At this point, allow me to commend President Lazarus Chakwera for coming out quickly to declare the affected districts as being in a state of disaster. Not only that but the Malawi leader also physically went to the lower Shire, first by plane and then trekked down to Thabwa via road to appreciate the extent of damage and re-assure the affected people that they are not alone and government will do what it can to ensure that they quickly get back on their feet.
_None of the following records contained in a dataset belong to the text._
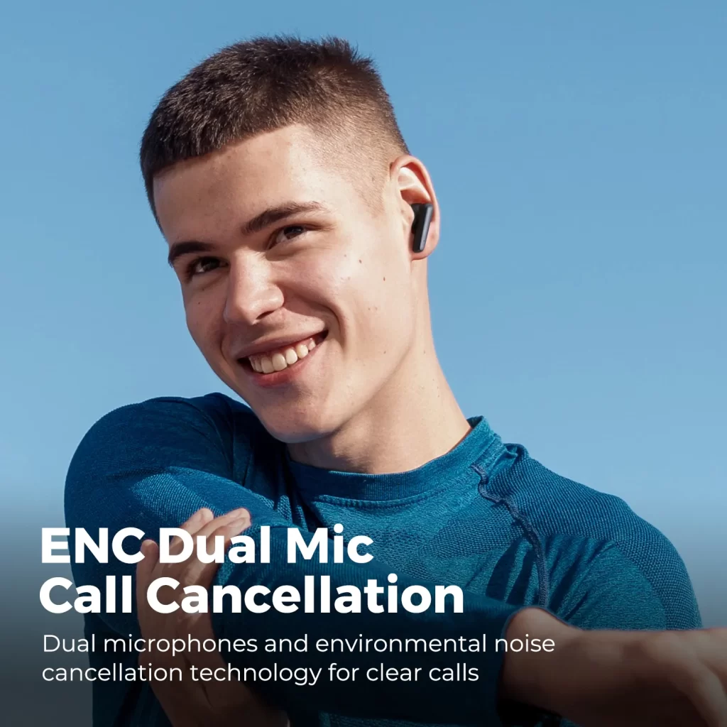 - Featuring dual ENC microphones, these earbuds ensure uninterrupted and natural-sounding calls. The environmental noise cancellation (ENC) technology reduces background noise, so every conversation is crisp and clear, no matter where you are.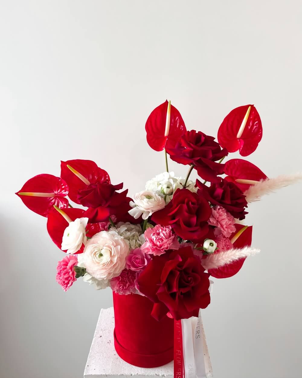 Pokud hledáte netradiční květinový dar, který zanechá silný dojem, tento box s anthurii a růžemi je tou pravou volbou.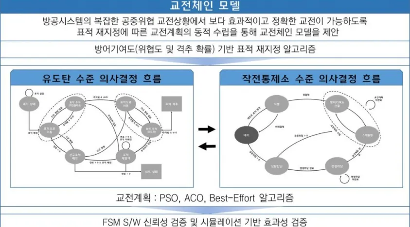 본 연구는 방공시스템의 복잡한 공중위협 상황에서 보다 효과적이며 정확한 요격이 이루어지도록 표적 재지정 기술 및 유연한 교전체인 모델을 개발하고자 한다. 세부적으로는 (1)표적 재지정 과정에서의 요구 조건을 도출하고, 도출된 요구조건을 기반으로 (2)유도탄 수준의 표적 재지정 알고리즘을 설계한다. 이를 확장하여 (3)작전통제소 수준의 표적 재지정 알고리즘을 설계하여 교전계획을 동적으로 수립하여 (4)교전체인을 모델링한 후, (5)모형의 신뢰성 및 효과성 검증을 수행한다. 과제에 대한 구체적인 내용은 보안상 생략한다. 과제에 대한 전반적인 내용은 아래 그림과 같다.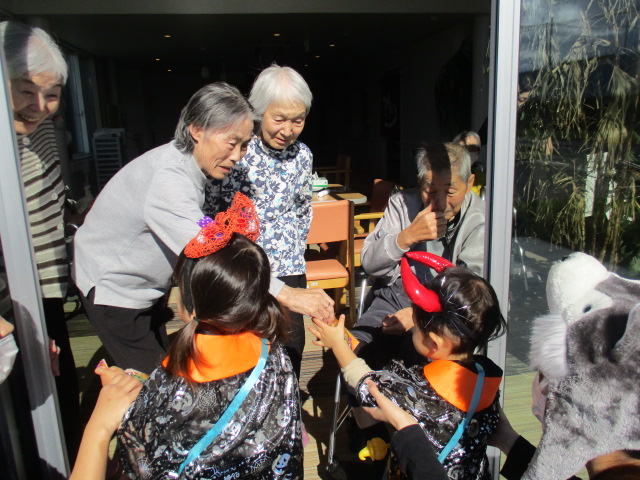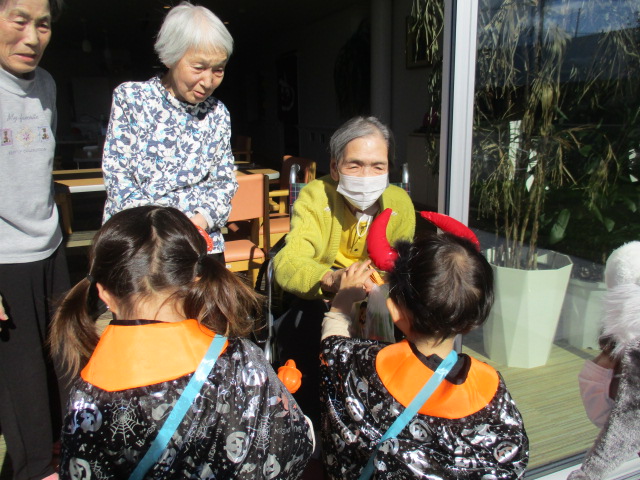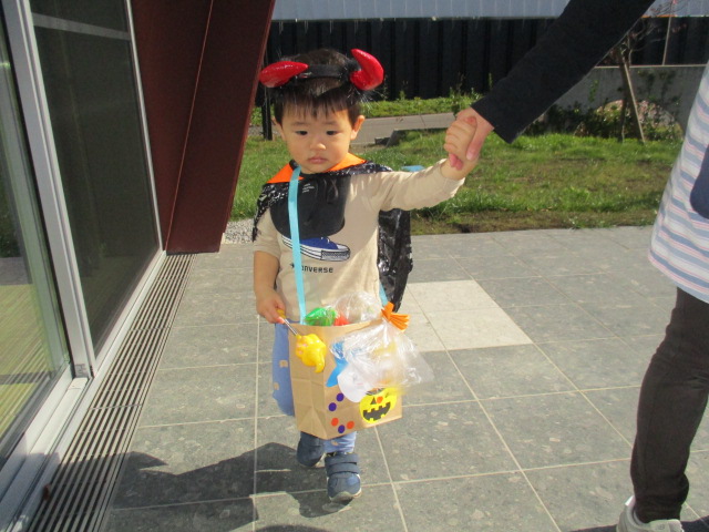 皆様こんにちは。あっという間に10月が終わりです。10月が終わりということは、本日はハロウィンでございます。午前、山崎保育園より仮装をした可愛いお客様が遊びに来て下さいました。お客様に順番でお菓子をプレゼントさせて頂きました。早く渡したくて皆様競争でございました。

One thing however that keeps popping up in my mind and perhaps it is something that the government needs to seriously look into is the way our emergency relief is coordinated. Having experienced floods for years, we should have, by now, devised a system whereby relief items would have already been in some of the locations that have been affected. I am talking about having warehousing facilities so that when such places are cut off due to infrastructural damage, there should not be any panicking. We should not be having a full-fledged government agency like Dodma getting its shipment ready for dispatch at a bare ground like Njamba Park in Blantyre. What have they been doing over the years? Storage should not be restricted to places such as Blantyre and Lilongwe (I am told at one point there was even a facility at Malangalanga where relief items stored were poorly handled).

Overall, I think our emergency response leaves a lot to be desired. This other day I also touched on the subject, only that in that episode I had focused on fire and medical response in our cities but certainly there are a lot of lessons we can draw from he recent floods.

May the souls of those that have died during the disaster rest in eternal peace and may the one up above abide with us as we continue to count our loses.